**Task to carry out:**
Please return the data word for word and leave out any picture it contains.

**The data:**
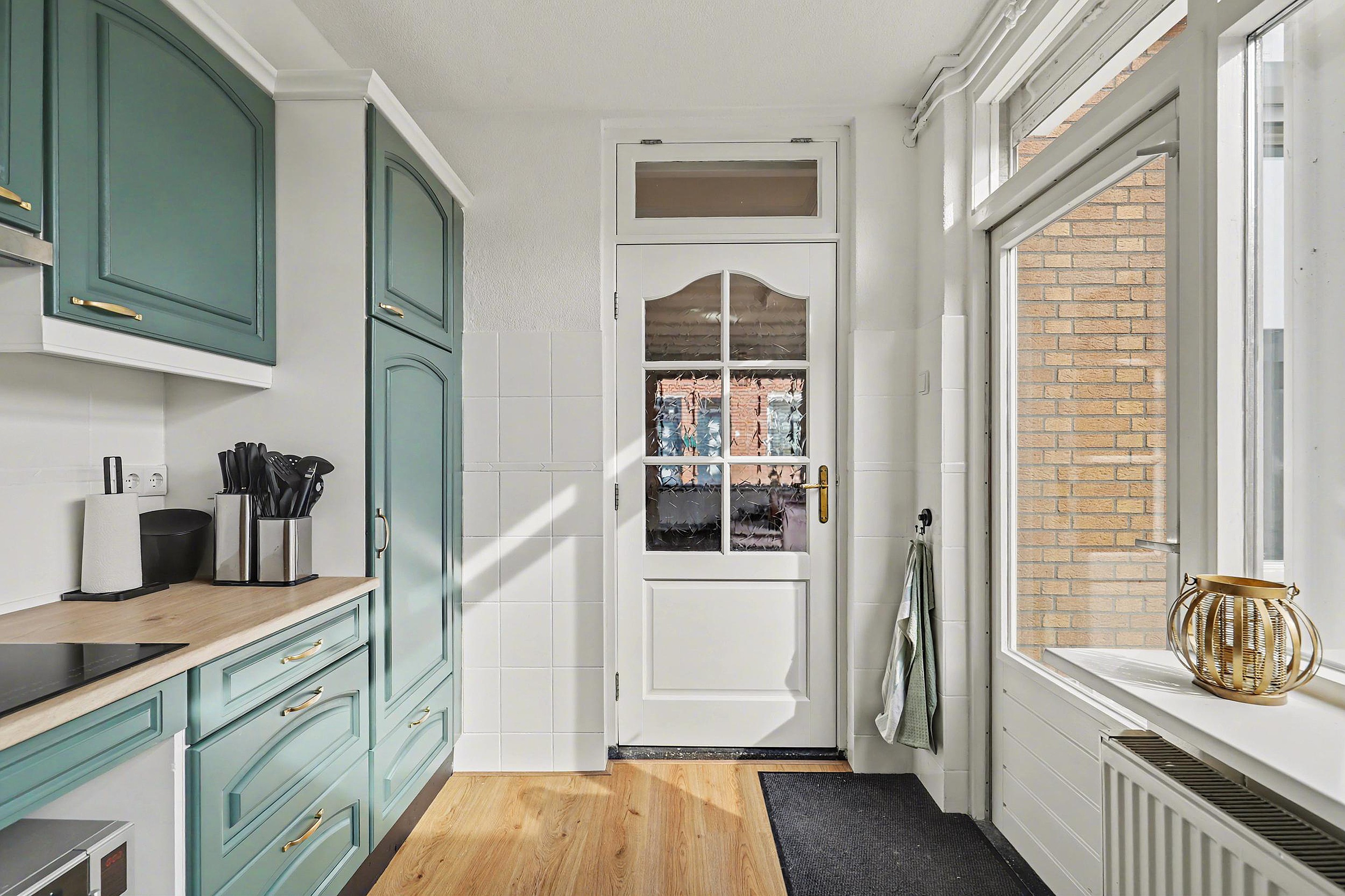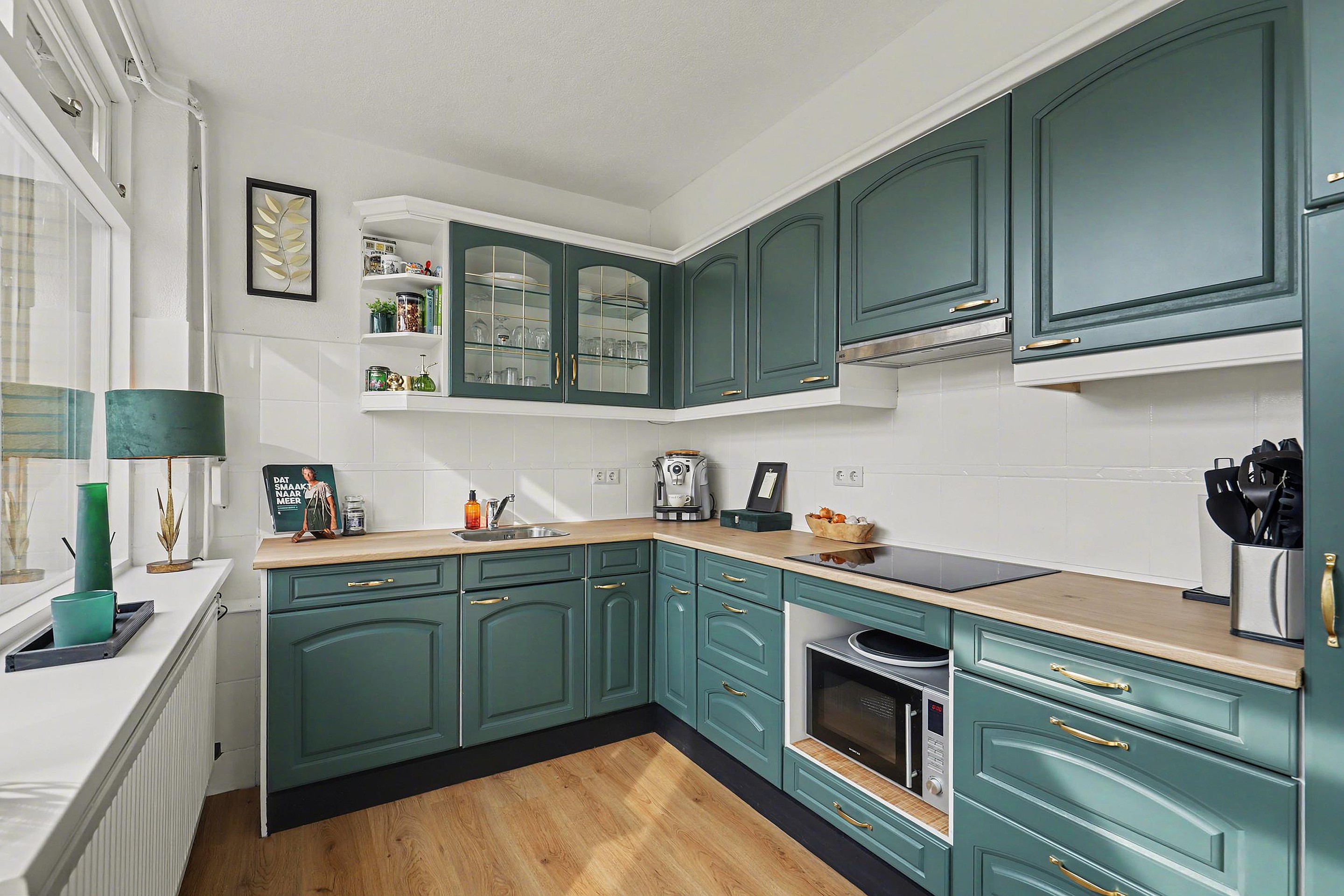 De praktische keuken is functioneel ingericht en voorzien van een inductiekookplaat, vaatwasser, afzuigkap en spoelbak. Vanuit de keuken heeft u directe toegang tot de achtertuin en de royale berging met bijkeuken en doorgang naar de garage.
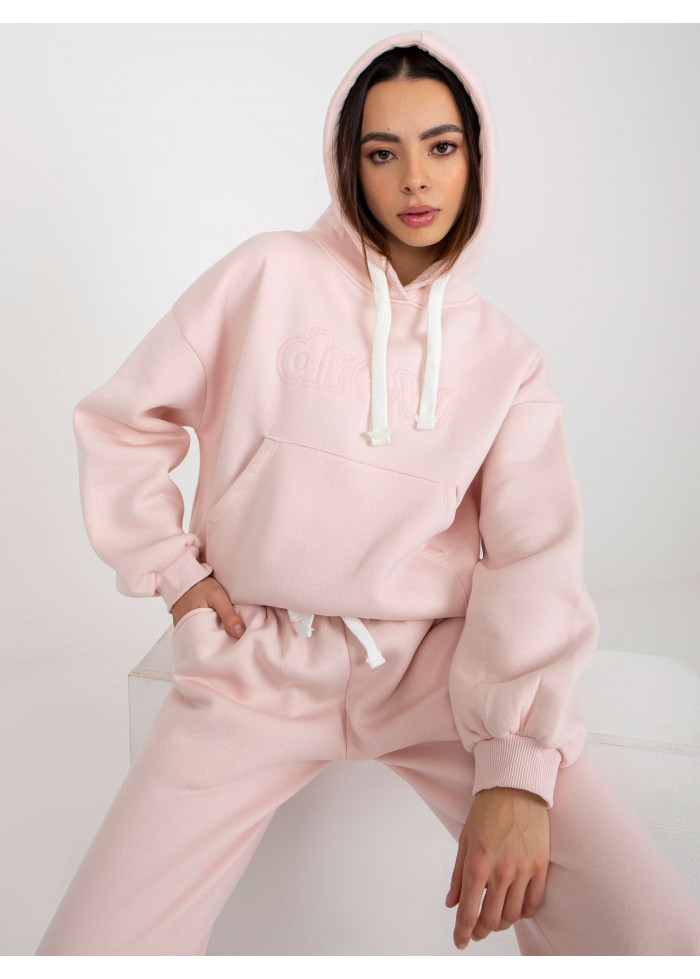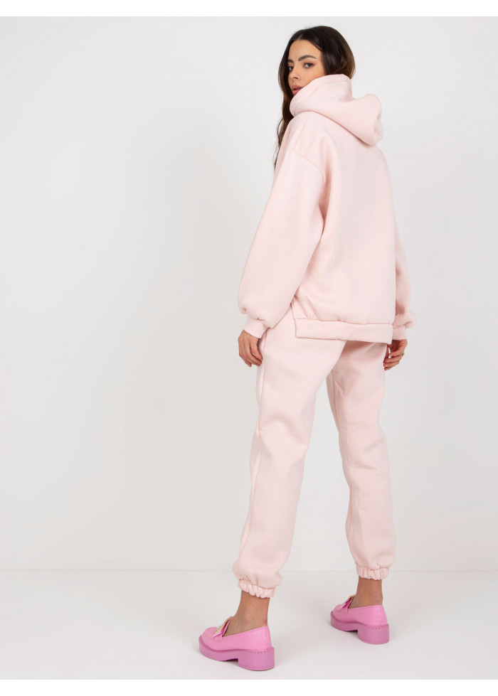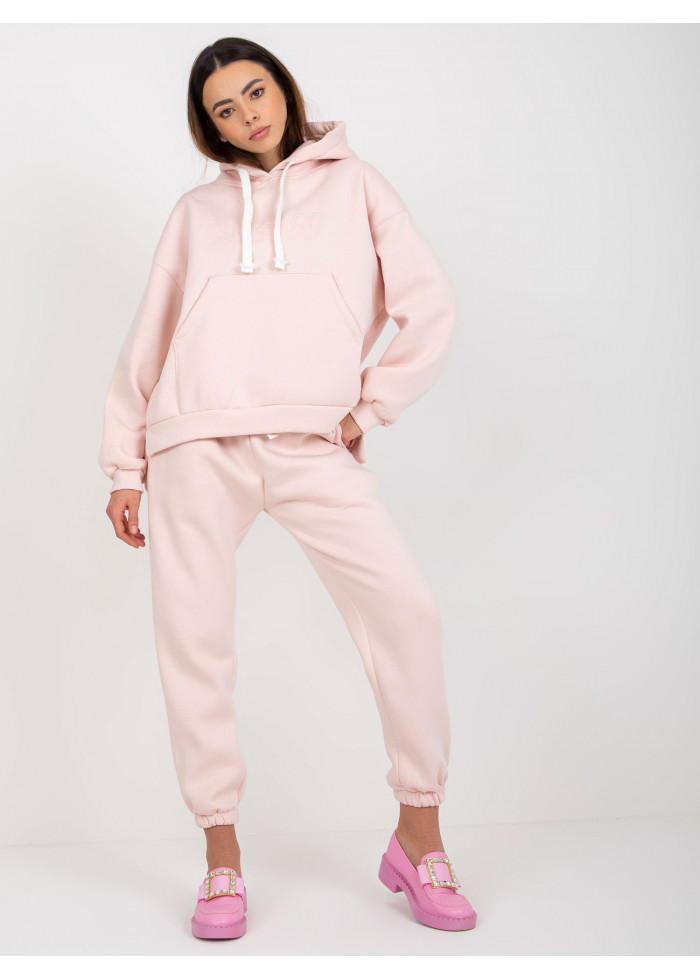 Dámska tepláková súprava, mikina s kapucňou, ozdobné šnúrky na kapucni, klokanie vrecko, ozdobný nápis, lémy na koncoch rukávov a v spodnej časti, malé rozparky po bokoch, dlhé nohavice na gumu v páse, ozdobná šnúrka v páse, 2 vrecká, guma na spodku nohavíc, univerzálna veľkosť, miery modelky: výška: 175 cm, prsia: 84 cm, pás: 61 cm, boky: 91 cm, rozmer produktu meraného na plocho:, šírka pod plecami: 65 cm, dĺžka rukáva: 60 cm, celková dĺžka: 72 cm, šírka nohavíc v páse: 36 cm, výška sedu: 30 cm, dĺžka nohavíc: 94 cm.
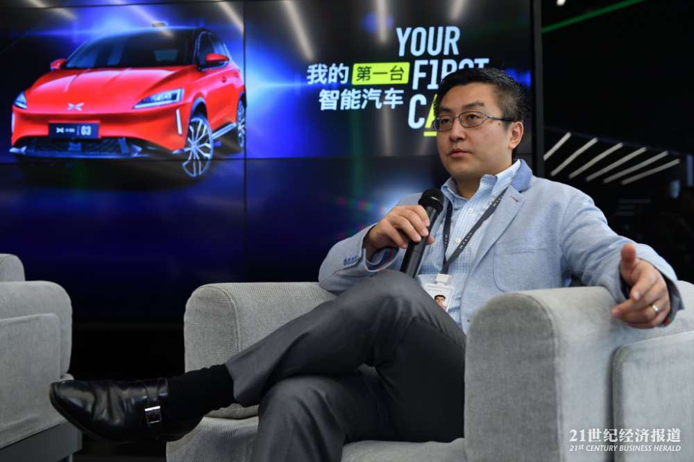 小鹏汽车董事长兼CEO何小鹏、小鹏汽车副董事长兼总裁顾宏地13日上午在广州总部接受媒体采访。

**Response:**
 De praktische keuken is functioneel ingericht en voorzien van een inductiekookplaat, vaatwasser, afzuigkap en spoelbak. Vanuit de keuken heeft u directe toegang tot de achtertuin en de royale berging met bijkeuken en doorgang naar de garage.
 Dámska tepláková súprava, mikina s kapucňou, ozdobné šnúrky na kapucni, klokanie vrecko, ozdobný nápis, lémy na koncoch rukávov a v spodnej časti, malé rozparky po bokoch, dlhé nohavice na gumu v páse, ozdobná šnúrka v páse, 2 vrecká, guma na spodku nohavíc, univerzálna veľkosť, miery modelky: výška: 175 cm, prsia: 84 cm, pás: 61 cm, boky: 91 cm, rozmer produktu meraného na plocho:, šírka pod plecami: 65 cm, dĺžka rukáva: 60 cm, celková dĺžka: 72 cm, šírka nohavíc v páse: 36 cm, výška sedu: 30 cm, dĺžka nohavíc: 94 cm.
 小鹏汽车董事长兼CEO何小鹏、小鹏汽车副董事长兼总裁顾宏地13日上午在广州总部接受媒体采访。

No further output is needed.